_INFORMATION PROVIDED_.
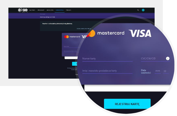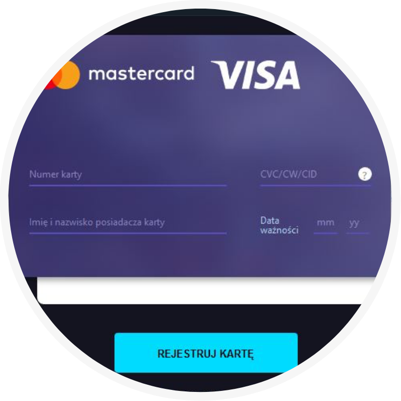 Wprowadź dane swojej karty płatniczej i kliknij w przycik "REJESTRUJ KARTĘ". Opłata z karty zostanie pobrana przy przedłużeniu, za 30 dni. W każdej chwili możesz wyłączyć płatności automatyczne.
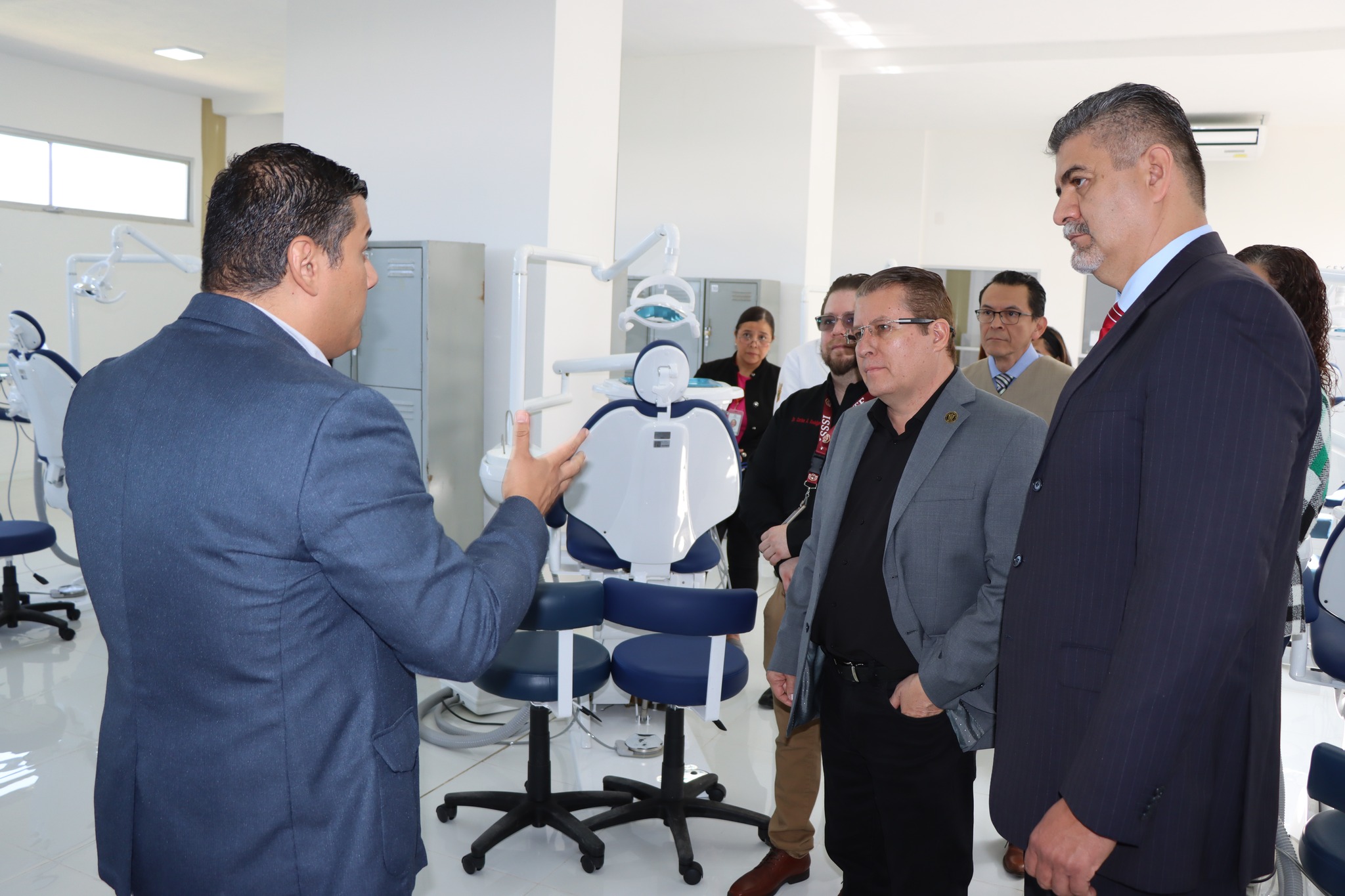 Por su parte, el maestro Alfonso Barajas Martínez, director de la División de Ciencias de la Salud, destacó que la Clínica Escuela de Odontología representa una inversión global superior a los 25 millones de pesos, destinada a su construcción y consolidación, lo que ha permitido contar actualmente con 40 unidades dentales, distribuidas entre la planta baja y la segunda planta. Señaló que este proyecto representa un logro significativo para el desarrollo académico del programa y fortalece los campos clínicos del estudiantado.
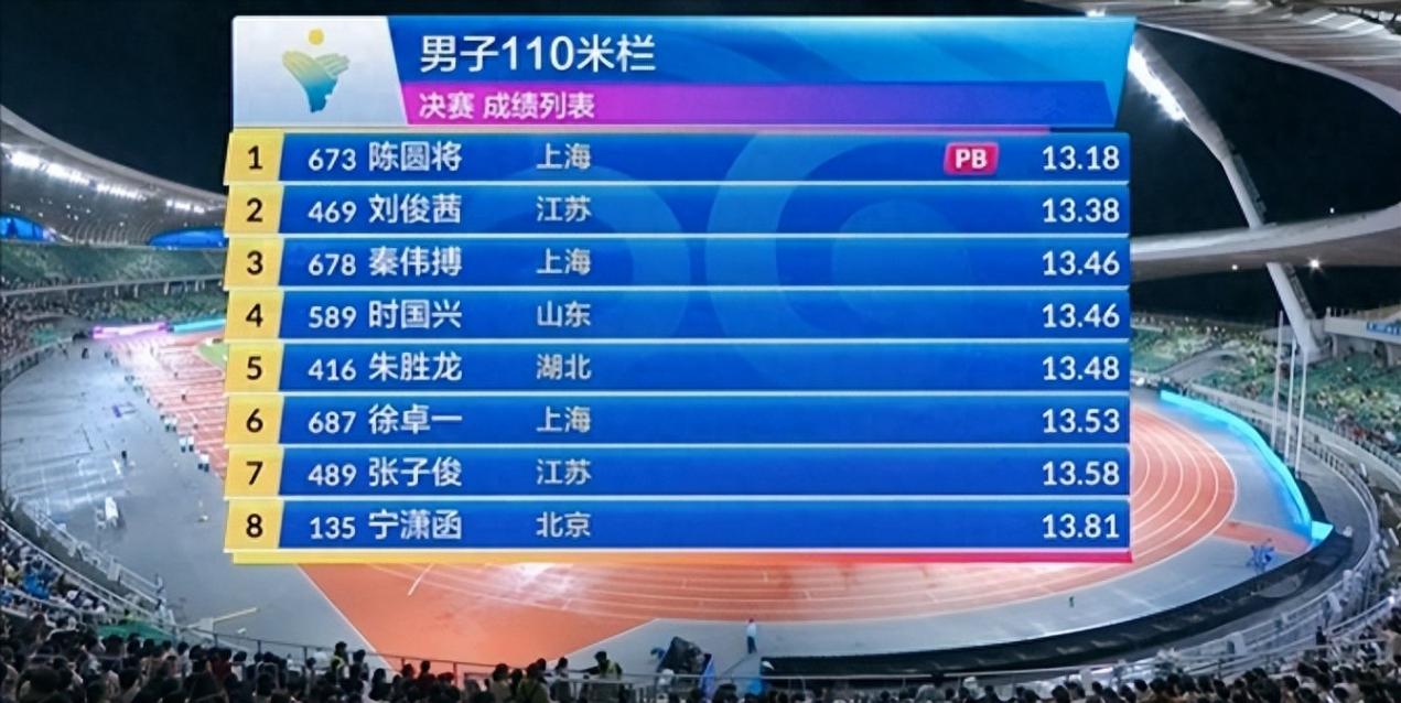 中国田径又一颗新星冉冉升起!在全国田径锦标赛男子110米栏决赛中,19岁的上海小将陈圆将一鸣惊人,以13秒18的惊艳成绩夺冠,不仅刷新个人最好成绩,更创造了今年国内该项目最佳战绩!

_PROBLEM DESCRIPTION_. Retype everything in the material word for word, minus pictures.

_SOLUTION TO THIS TASK_.
 Wprowadź dane swojej karty płatniczej i kliknij w przycik "REJESTRUJ KARTĘ". Opłata z karty zostanie pobrana przy przedłużeniu, za 30 dni. W każdej chwili możesz wyłączyć płatności automatyczne.
 Por su parte, el maestro Alfonso Barajas Martínez, director de la División de Ciencias de la Salud, destacó que la Clínica Escuela de Odontología representa una inversión global superior a los 25 millones de pesos, destinada a su construcción y consolidación, lo que ha permitido contar actualmente con 40 unidades dentales, distribuidas entre la planta baja y la segunda planta. Señaló que este proyecto representa un logro significativo para el desarrollo académico del programa y fortalece los campos clínicos del estudiantado.
 中国田径又一颗新星冉冉升起!在全国田径锦标赛男子110米栏决赛中,19岁的上海小将陈圆将一鸣惊人,以13秒18的惊艳成绩夺冠,不仅刷新个人最好成绩,更创造了今年国内该项目最佳战绩!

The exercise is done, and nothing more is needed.